There were several limitations of the present study that should be kept in mind when interpreting the results. First, power to detect gene-gene interactions is always a concern given the curse of dimensionality that comes with considering multilocus genotype combinations. We addressed the power concerns by using the MDR machine learning method and by using a liberal significance level of 0.05. We also used the two largest GWAS data sets available through dbGaP. Despite these measures, power may still be a limiting issue. Second, we did not correct for the correlation structure of the SNPs in the gene regions. This was primarily due to the potential co-occurrence of interactions and linkage disequilibrium due to selection. Consideration of correlation is more complicated for gene-gene interactions studies than it is for significance testing of single SNPs using univariate methods. Third, the detection and replication GWAS data were primarily Caucasian subjects from the U.S., Finland, and Spain. These results may not generalize to other populations of different ethnic background. In fact, we fully expect the spectrum of gene-gene interactions to shift from population to population as genetic architecture changes due to different genetic backgrounds and local ecologies. We also expect statistical measures of interaction to change as allele frequencies change. These factors represent significant challenges to detecting and characterizing gene-gene interactions. This study partly addresses some of these concerns by focusing on the aggregation of statistical results at the pathway level thus taking the focus off inferential statistical analysis at the SNP level.

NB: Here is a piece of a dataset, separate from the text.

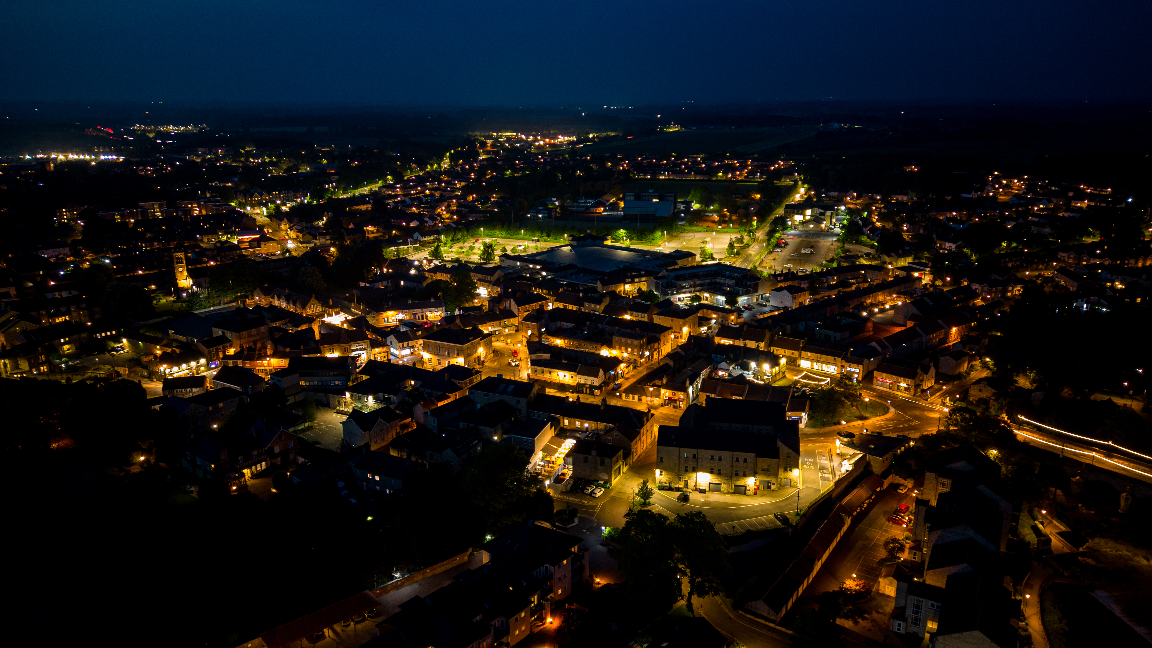 Aerial view of the town during the night

It is also important to note that the use of a more liberal significance threshold to improve power means that there is a higher type I error rate that could lead to more false-positives. This should also be taken into consideration before deciding to carry out a confirmatory study.

The results of this study support the idea that a bioinformatics approach to GWAS analysis of bladder cancer yields novel, replicable results not discovered using univariate statistical methods. As we exhaust efforts to identify and list SNPs that have universal main effects on disease risk across genetic backgrounds and local ecologies, it will be important explore alternative bioinformatics methods that are designed to embrace a complex genetic architecture underlying most common diseases such as cancer. This means we need methods that are able to capture genetic effects that are dependent on genetic background, environmental context, or that might be based on genetic variants that segregate only in a small number of families giving rise to locus heterogeneity. This study is one of the first to measure gene-gene interactions on a genome-wide scale and to measure their aggregation across biochemical pathways and functional groupings of genes as detailed in GO. The carboxy-lysase activity pathway revealed by this approach was identified across two different GWAS data sets and raises the question as to whether decarboxylase genes should be investigated as drug targets. These results are preliminary and warrant confirmatory studies.